■ **Required action**:
Extract the text of every entry below exactly; leave images out.

■ **Provided records**:
####################

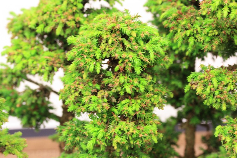 They can be used in a range of bonsai styles including groups, formal and informal uprights, root over rock or clasped to a rock, and twin trunk. Pruning the foliage can be achieved through pinching but some have found this does not leave dead browning tips as opposed to pruning with scissors but if this is done back to the correct growth point it can be more effective than pinching. Feed them heavily during spring through summer as this will aid the growth and development especially with the slower growing cultivars and light feed during the autumn and allow to rest for a few months prior to starting feeding more heavily in spring again.
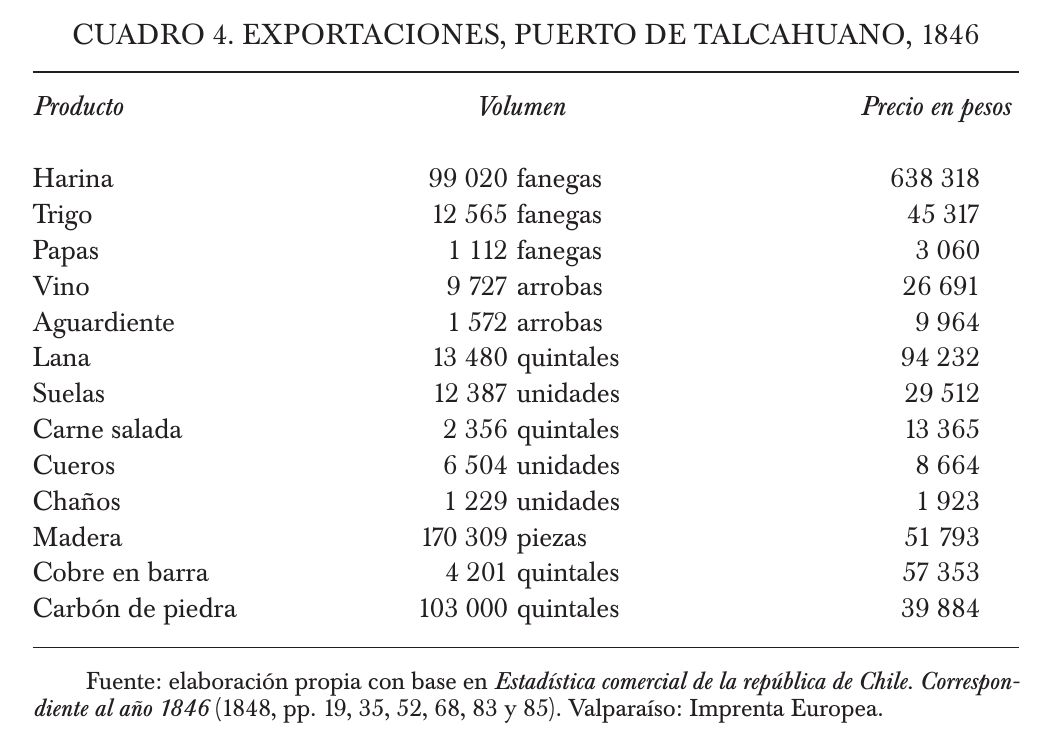 En términos de volumen físico y valor del comercio exterior en el puerto de Talcahuano en 1846, la producción molinera de harina representó cerca de 50% de las exportaciones. También es significativo el rubro de vino y aguardiente asociado a una importante actividad vitivinícola regional. Las remesas agrícolas conformaban el principal rubro del cabotaje con la zona minera de los puertos de Coquimbo, Huasco y Copiapó, donde se enviaban alimentos por un costo de 197 640 pesos, constituyéndose uno de los principales focos del comercio agrícola regional de Concepción (Mazzei, 1998b, pp. 154-155; Pinto y Ortega, 1991) (véase cuadro 4).
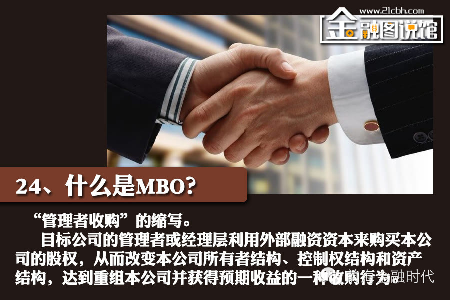 即“管理者收购”的缩写。目标公司的管理者或经理层利用外部融资资本来购买本公司的股权,从而改变本公司所有者结构、控制权结构和资产结构,达到重组本公司并获得预期收益的一种收购行为。完成MBO之后,昔日的管理者就变成今日的股东了。
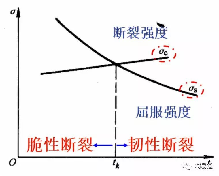 低溫脆性是材料屈服強度隨著溫度的降低急劇增加的結果;見右圖,屈服點隨著溫度的下降而升高,但材料的斷裂強度隨著溫度的變化很??;兩線交點對應的溫度就是tk。
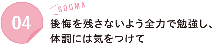 後悔しないよう、今からコツコツと勉強を始めてください。どんなに勉強したと思っても、「もっとやっておけばよかった」とならないようにする事が大切です。全力で勉強するためにも、体調に気をつけて頑張ってください。
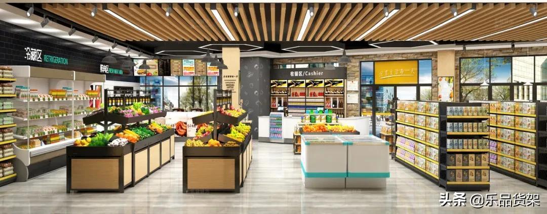 社区便利店+生鲜多元化,满足社区居民基本的生活需求。在生鲜区域设计上,乐品设计师选用钢木果蔬架,多层储物陈列设计,简单实用美观。
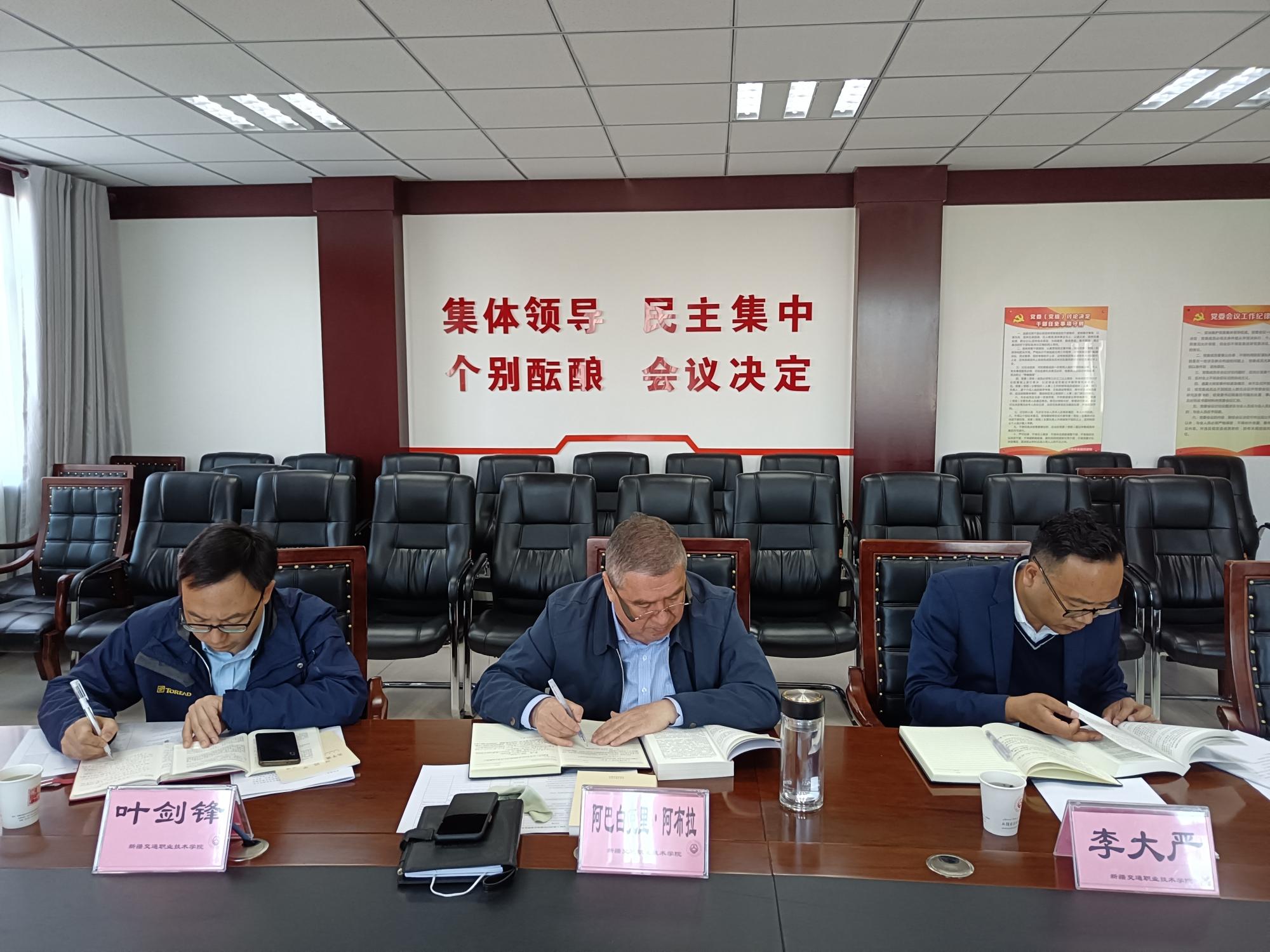 学院党委书记王瀚表示,学院党委班子成员要将理论学习贯穿于主题教育始终,紧密结合学院工作实际,牢牢把握总体要求,锚定目标任务,进一步夯实拥护“两个确立”、做到“两个维护”的思想根基。王瀚指出,党员领导干部要走在前、做表率,带头先学一步、学深一层,塑造“头雁”效应,为广大党员理论学习做示范、当标杆。要用习近平新时代中国特色社会主义思想武装头脑,科学有力指导调查研究、专项整治、为民办实事等实际工作,推动解决学院改革发展稳定中的难点、堵点、痛点,做到两手抓、两促进,切实把主题教育成效转化为推动学院高质量内涵式发展的实际行动。

####################

■ **Answer**:
 They can be used in a range of bonsai styles including groups, formal and informal uprights, root over rock or clasped to a rock, and twin trunk. Pruning the foliage can be achieved through pinching but some have found this does not leave dead browning tips as opposed to pruning with scissors but if this is done back to the correct growth point it can be more effective than pinching. Feed them heavily during spring through summer as this will aid the growth and development especially with the slower growing cultivars and light feed during the autumn and allow to rest for a few months prior to starting feeding more heavily in spring again.
 En términos de volumen físico y valor del comercio exterior en el puerto de Talcahuano en 1846, la producción molinera de harina representó cerca de 50% de las exportaciones. También es significativo el rubro de vino y aguardiente asociado a una importante actividad vitivinícola regional. Las remesas agrícolas conformaban el principal rubro del cabotaje con la zona minera de los puertos de Coquimbo, Huasco y Copiapó, donde se enviaban alimentos por un costo de 197 640 pesos, constituyéndose uno de los principales focos del comercio agrícola regional de Concepción (Mazzei, 1998b, pp. 154-155; Pinto y Ortega, 1991) (véase cuadro 4).
 即“管理者收购”的缩写。目标公司的管理者或经理层利用外部融资资本来购买本公司的股权,从而改变本公司所有者结构、控制权结构和资产结构,达到重组本公司并获得预期收益的一种收购行为。完成MBO之后,昔日的管理者就变成今日的股东了。
 低溫脆性是材料屈服強度隨著溫度的降低急劇增加的結果;見右圖,屈服點隨著溫度的下降而升高,但材料的斷裂強度隨著溫度的變化很??;兩線交點對應的溫度就是tk。
 後悔しないよう、今からコツコツと勉強を始めてください。どんなに勉強したと思っても、「もっとやっておけばよかった」とならないようにする事が大切です。全力で勉強するためにも、体調に気をつけて頑張ってください。
 社区便利店+生鲜多元化,满足社区居民基本的生活需求。在生鲜区域设计上,乐品设计师选用钢木果蔬架,多层储物陈列设计,简单实用美观。
 学院党委书记王瀚表示,学院党委班子成员要将理论学习贯穿于主题教育始终,紧密结合学院工作实际,牢牢把握总体要求,锚定目标任务,进一步夯实拥护“两个确立”、做到“两个维护”的思想根基。王瀚指出,党员领导干部要走在前、做表率,带头先学一步、学深一层,塑造“头雁”效应,为广大党员理论学习做示范、当标杆。要用习近平新时代中国特色社会主义思想武装头脑,科学有力指导调查研究、专项整治、为民办实事等实际工作,推动解决学院改革发展稳定中的难点、堵点、痛点,做到两手抓、两促进,切实把主题教育成效转化为推动学院高质量内涵式发展的实际行动。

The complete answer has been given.